[Salon] With Trump, chaos is the point



https://mailchi.mp/worldpoliticsreview/with-trump-the-chaos-is-the-point?e=dce79b1080

Chinese President Xi Jinping and Russian President Vladimir Putin.
President Donald Trump meets with President Nayib Bukele of El Salvador at the InterContinental Barclay New York hotel during the United Nations General Assembly, in New York, Sept. 25, 2019 (AP photo by Evan Vucci).

United States: The administration of President Donald Trump ignored a federal judge’s order Saturday temporarily barring the president’s use of the 1798 Alien Enemies Act to deport alleged Venezuelan gang members. The judge also ordered any planes that had already taken off carrying immigrants under the act turn around.

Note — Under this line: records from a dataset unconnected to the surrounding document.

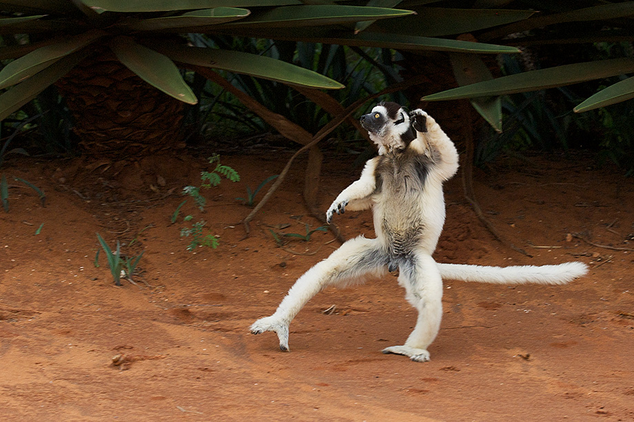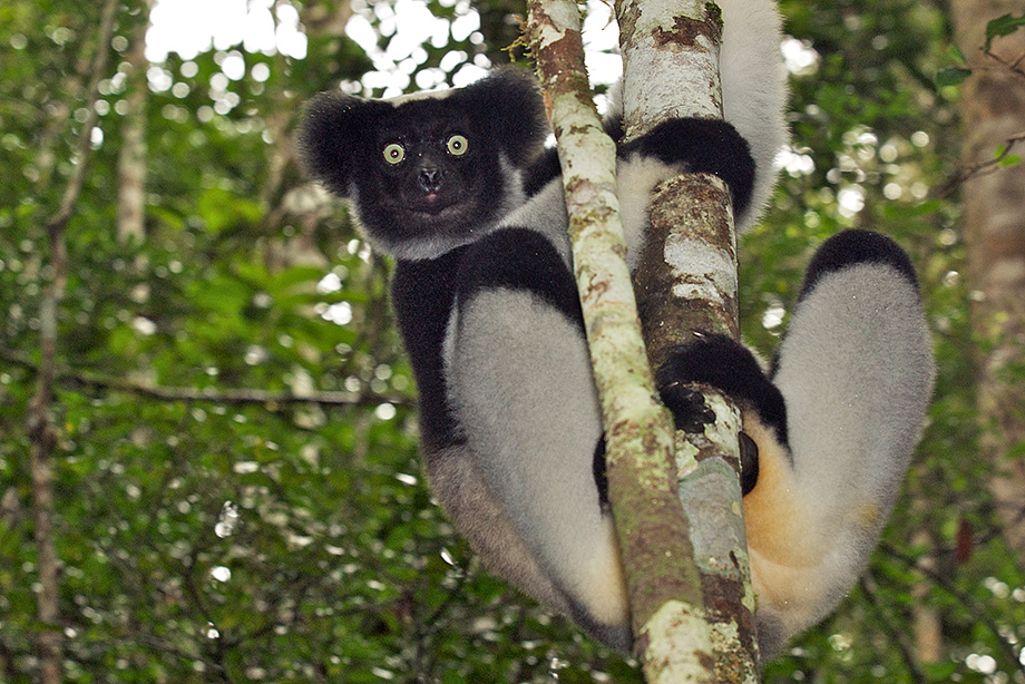 Some of you might remember these guys — the indri indri lemurs (and no, that’s not a typo, indri is repeated in the offical name). They are the largest of all the lemurs at nearly four feet tall, and 21 pounds. Even so, they can be incredibly acrobatic while jumping from tree to tree. As you can see from this guy, they also look a bit like stuffed animals.
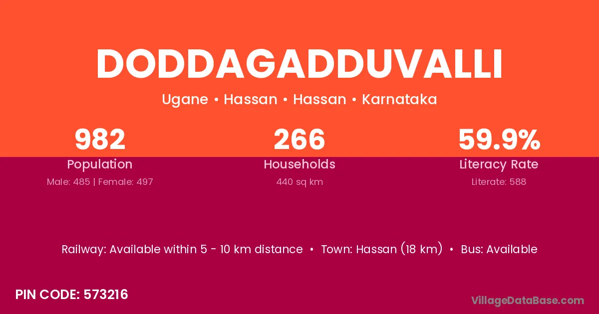 Doddagadduvalli village has a total population of 982 people, of which 485 are males and 497 are females.
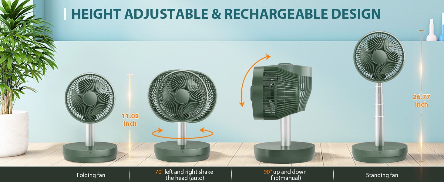- 【Super Cool & Quiet】 Although this rechargeable fan for home is small, its wind is very strong, which has 10 speeds to be chosen and can bring you enough coolness. At the same time, it uses an ultra -low noise design, which is less than 45db. A 70 ° automatic swing design, which circulates the air to every corner of the room.
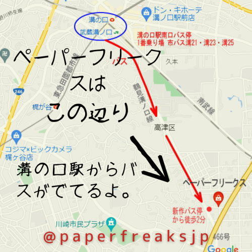 場所:paper freaks 高津区新作4丁目11 – 4
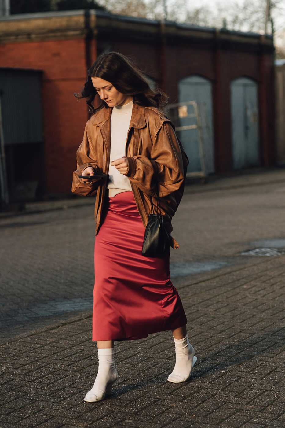 슬링백 혹은 샌들을 신기엔 다소 이른감이 있지만, 양말만 있다면 이 또한 가능합니다. 화이트 컬러의 짧은 발목 양말에 화이트 슈즈를 매칭해 복잡한 체크 패턴 룩이나 컬러풀한 스타일링을 쿨하게 소화했어요. 양말과 신발을 같은 컬러로 신을 것, 가장 안전하고 세련된 스타일을 선보일 수 있는 비법입니다.
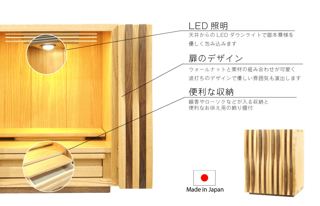 ウォールナットと栗材の組み合わせが珍しくても相性抜群。 2つの素材が寄り添い可愛らしくも優しい波打ちのデザインがおしゃれな雰囲気を演出します。 天井からのLEDライトを点けると優しい光が仏壇内部を照らし出しご本尊様、その周りの仏具も祈りの空間を演出します。 膳引き・引き出しも備わっておりますのでとても機能性の高いミニ仏壇です。

However, flight records show that at least one plane took off after the judge had already made his order, while two more that were already in the air at the time continued, although it remains unclear which of the planes were carrying immigrants deported under the act. All three planes landed in El Salvador, where the deported migrants were taken to the country’s infamously brutal “Terrorism Confinement Center.” (Washington Post)

Our Take: White House press secretary Karoline Leavitt made two arguments in her statement yesterday denying that the Trump administration had refused to comply with the judge’s order. The first is that the immigrants deported under the Alien Enemies Act were already outside U.S. territory when the order was issued, suggesting that the order did not apply to them. The second argument is that federal courts “have no jurisdiction over the President’s conduct of foreign affairs.”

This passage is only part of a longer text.